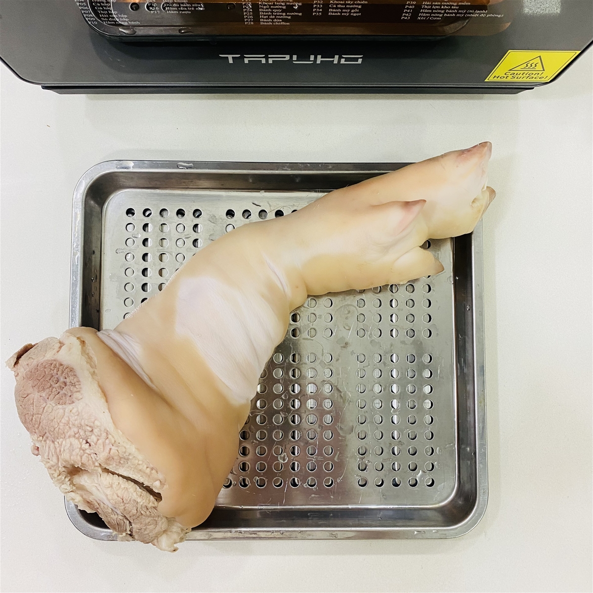 Tiếp theo, các bạn đem chân giò đi hấp. Bạn cho chân giò vào nồi chiên hơi nước Tapuho cài đặt chê độ hấp. Sau khi hấp xong khoảng 30 phút, bạn lấy chân giò ra và dùng tăm tre hoặc cây xiên inox chuyên dụng để đâm lên da chân giò.
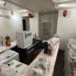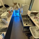 二層シンク、製氷機、食洗器、グラス、椅子など全て新品です!衛生面も徹底的にやっていくつもりなので扉付きの食器棚も設置しました。
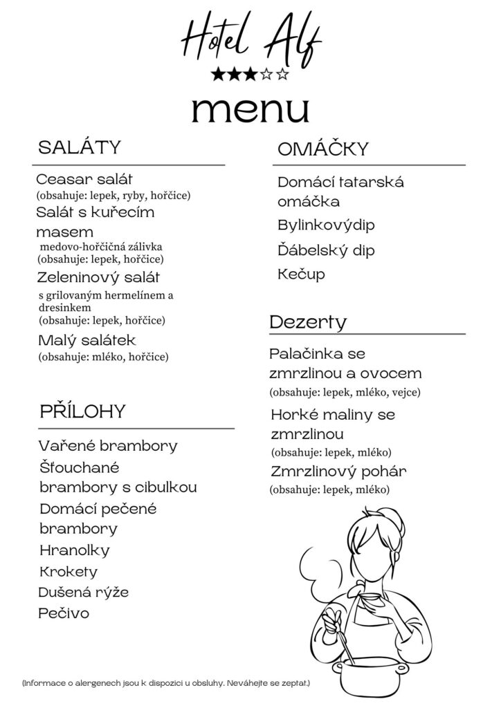 Na požádání rádi sdělíme seznam alergenů pro každé jídlo dle Nařízení (EU) 1169/2011. Přehled: 1 – Lepek, 2 – Korýši, 3 – Vejce, 4 – Ryby, 5 – Arašíd, 6 – Sója, 7 – Mléko, 8 – Ořechy, 9 – Celer, 10 – Hořčice, 11 – Sezam, 12 – Oxid siřičitý a siřičitany, 13 – Vlčí bob (lupina), 14 – Měkkýši.
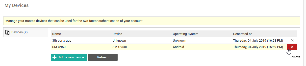To unlink a device, click the X icon at the end of the related entry.
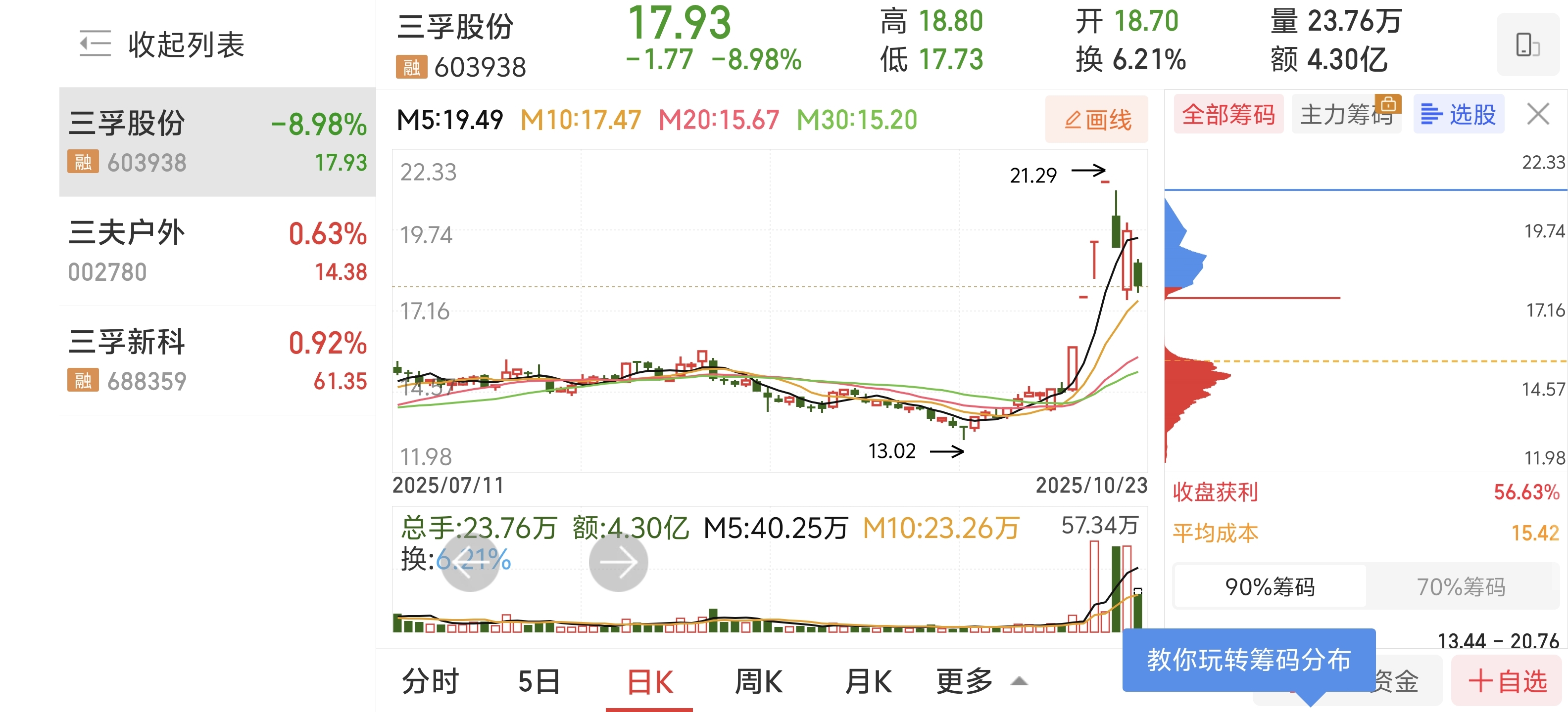 $三孚股份(SH603938)$ 东方财富筹码峰作假,图片是我在其他软件上看的筹码峰,助力都出完了
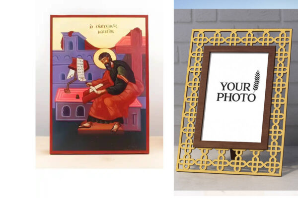 Εικόνα Ορθοδοξίας Πολυτελείας με σχεδιο Σταυρούς μαζι με Βάση σε 8 χρώματα με περίγραμμα χρυσό σε ξύλο Plywood (Πλακάζ) με βάση Άγιος Απόστολος Ματθαίος ο Ευαγγελιστής Χειρόγραφο, Ξύλινη Χειροποίητη Εικόνα Ελληνικού Βυζαντινού Στυλ τοίχου Αναρτημένη σε Ξύλινη Πλάκα Θρησκευτικά Χειροποίητη Ελληνορθόδοξη εικόνα του Ιησού Χριστού, Κρεμαστή πλάκα βυζαντινής τέχνης, χριστιανική τέχνη Διάσταση 15×11 cm (5,9 x 4,3 ίντσες) INTRAEK3kadro3211-610886
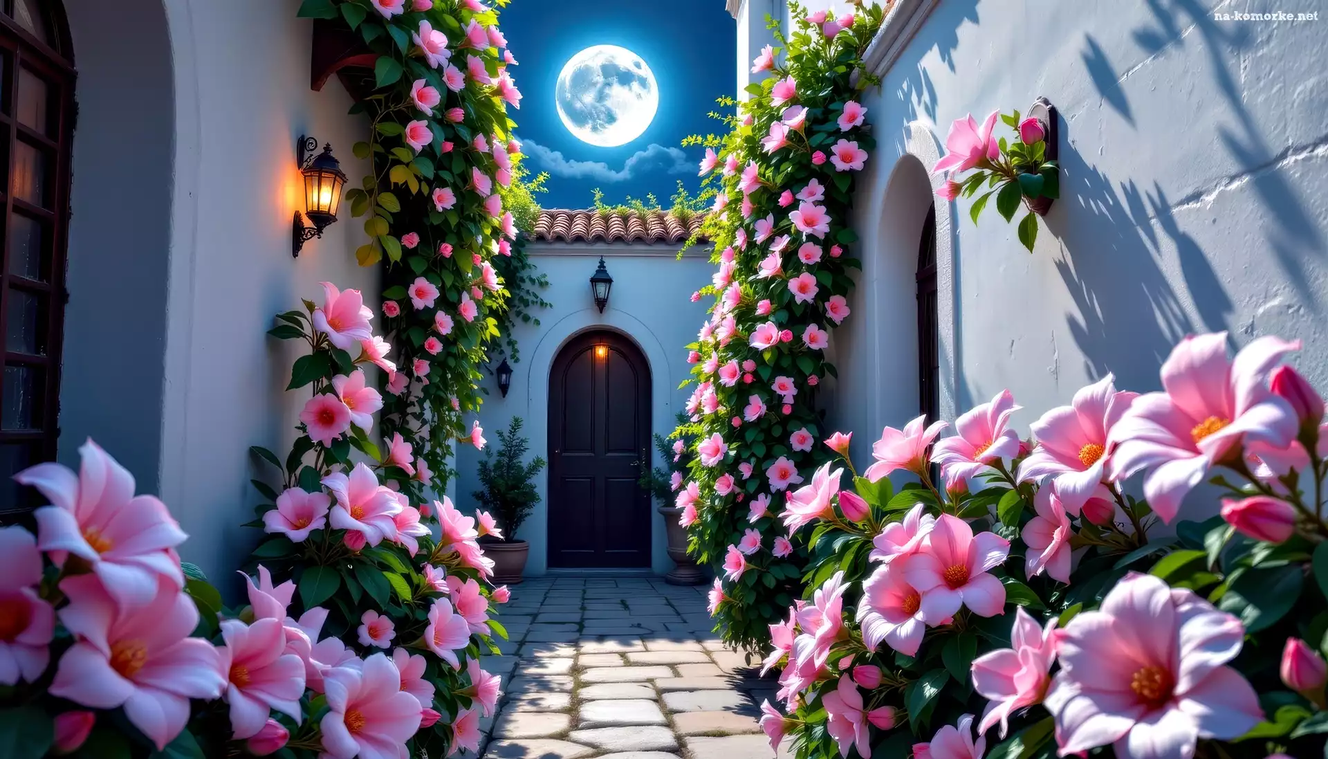 Grafika, Różowe, Noc, Dom, Dziedziniec, Kwiaty na Komórkę
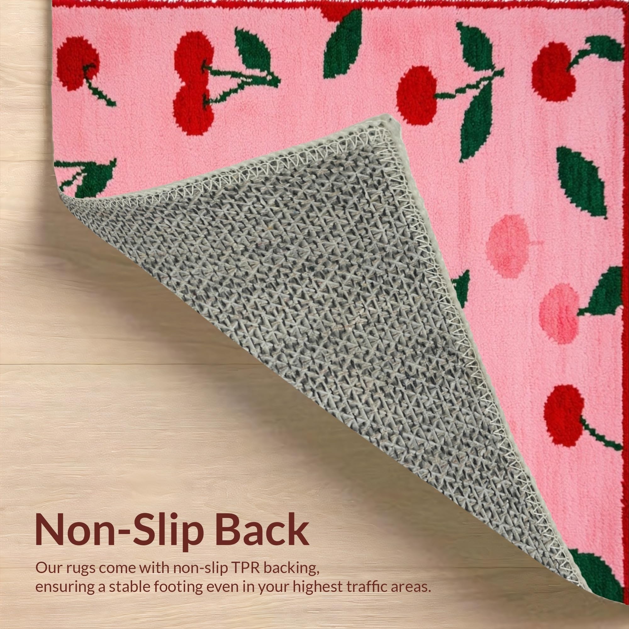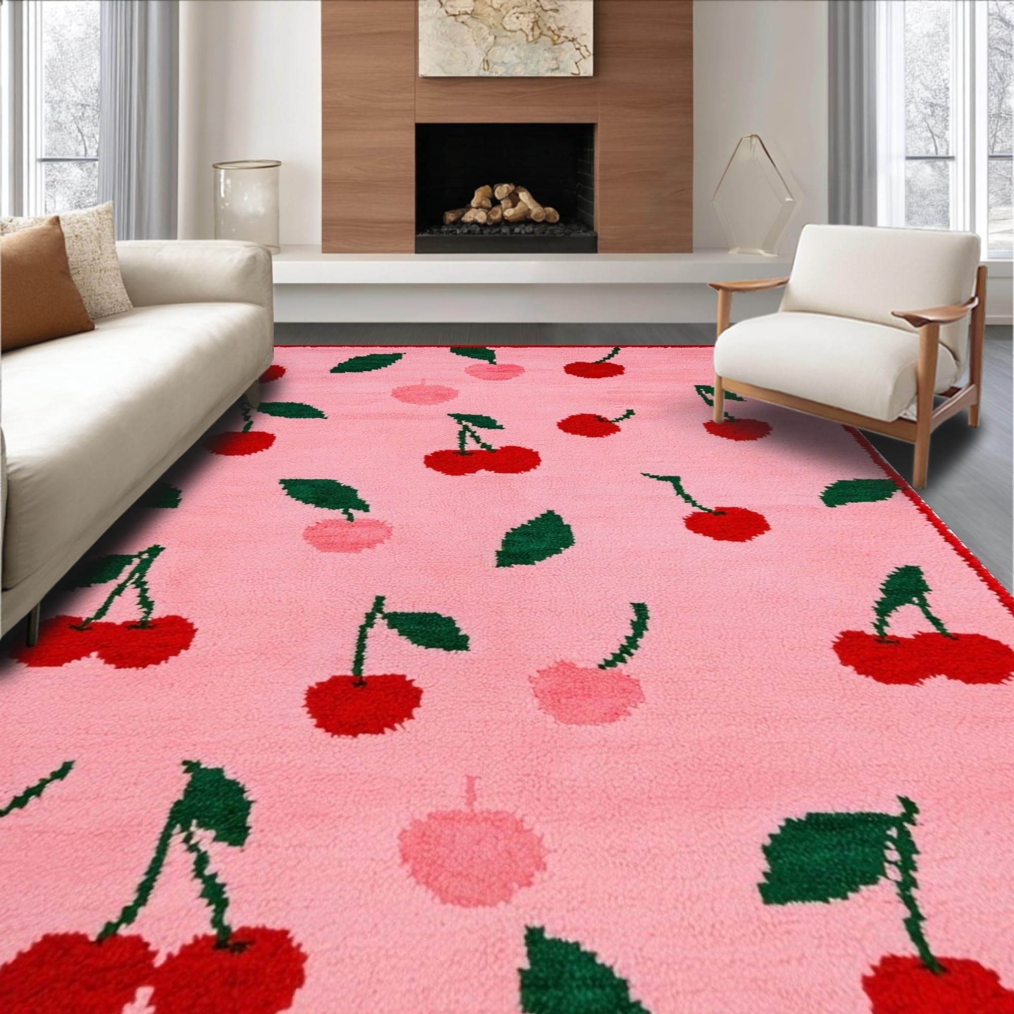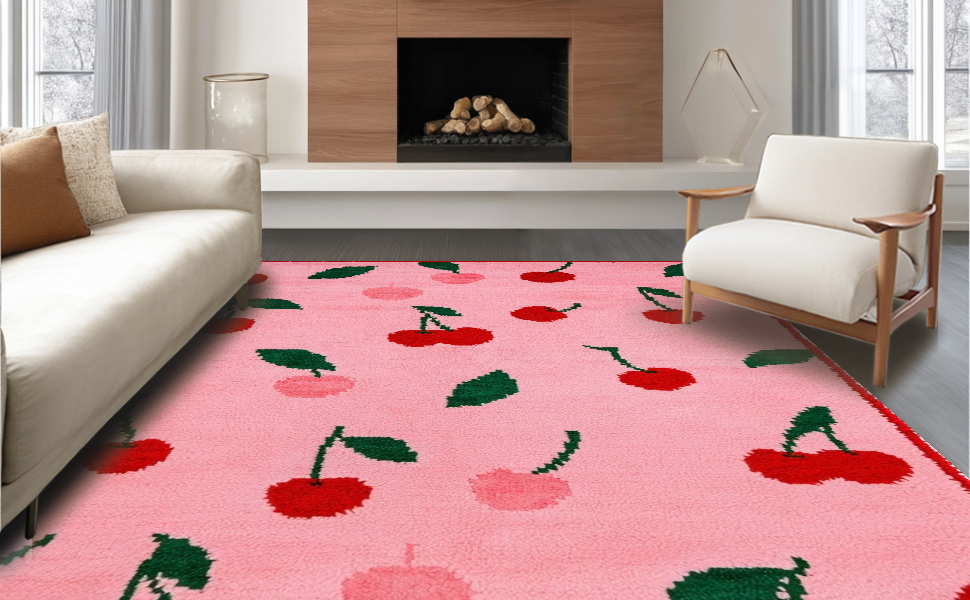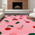 Ultra Soft Area Rug, Non Slip, Stain Resistant, Washable Area Rugs for Living Room, Bedroom, Charming Cartoon Cherry Illustration(Pink) Overview:
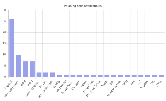 Sono 23 i brand della settimana coinvolti nelle campagne di phishing. Per quantità spiccano le campagne a tema PagoPA, INPS e Autostrade per l’Italia, oltre alle sempre presenti campagne di Webmail non brandizzate.

- Exercise goal -
Your answer must consist of the entries, unchanged, with no pictures in it.

- Written response -
 Tiếp theo, các bạn đem chân giò đi hấp. Bạn cho chân giò vào nồi chiên hơi nước Tapuho cài đặt chê độ hấp. Sau khi hấp xong khoảng 30 phút, bạn lấy chân giò ra và dùng tăm tre hoặc cây xiên inox chuyên dụng để đâm lên da chân giò.
 二層シンク、製氷機、食洗器、グラス、椅子など全て新品です!衛生面も徹底的にやっていくつもりなので扉付きの食器棚も設置しました。
 Na požádání rádi sdělíme seznam alergenů pro každé jídlo dle Nařízení (EU) 1169/2011. Přehled: 1 – Lepek, 2 – Korýši, 3 – Vejce, 4 – Ryby, 5 – Arašíd, 6 – Sója, 7 – Mléko, 8 – Ořechy, 9 – Celer, 10 – Hořčice, 11 – Sezam, 12 – Oxid siřičitý a siřičitany, 13 – Vlčí bob (lupina), 14 – Měkkýši.
To unlink a device, click the X icon at the end of the related entry.
 $三孚股份(SH603938)$ 东方财富筹码峰作假,图片是我在其他软件上看的筹码峰,助力都出完了
 Εικόνα Ορθοδοξίας Πολυτελείας με σχεδιο Σταυρούς μαζι με Βάση σε 8 χρώματα με περίγραμμα χρυσό σε ξύλο Plywood (Πλακάζ) με βάση Άγιος Απόστολος Ματθαίος ο Ευαγγελιστής Χειρόγραφο, Ξύλινη Χειροποίητη Εικόνα Ελληνικού Βυζαντινού Στυλ τοίχου Αναρτημένη σε Ξύλινη Πλάκα Θρησκευτικά Χειροποίητη Ελληνορθόδοξη εικόνα του Ιησού Χριστού, Κρεμαστή πλάκα βυζαντινής τέχνης, χριστιανική τέχνη Διάσταση 15×11 cm (5,9 x 4,3 ίντσες) INTRAEK3kadro3211-610886
 Grafika, Różowe, Noc, Dom, Dziedziniec, Kwiaty na Komórkę
 Ultra Soft Area Rug, Non Slip, Stain Resistant, Washable Area Rugs for Living Room, Bedroom, Charming Cartoon Cherry Illustration(Pink) Overview:
 Sono 23 i brand della settimana coinvolti nelle campagne di phishing. Per quantità spiccano le campagne a tema PagoPA, INPS e Autostrade per l’Italia, oltre alle sempre presenti campagne di Webmail non brandizzate.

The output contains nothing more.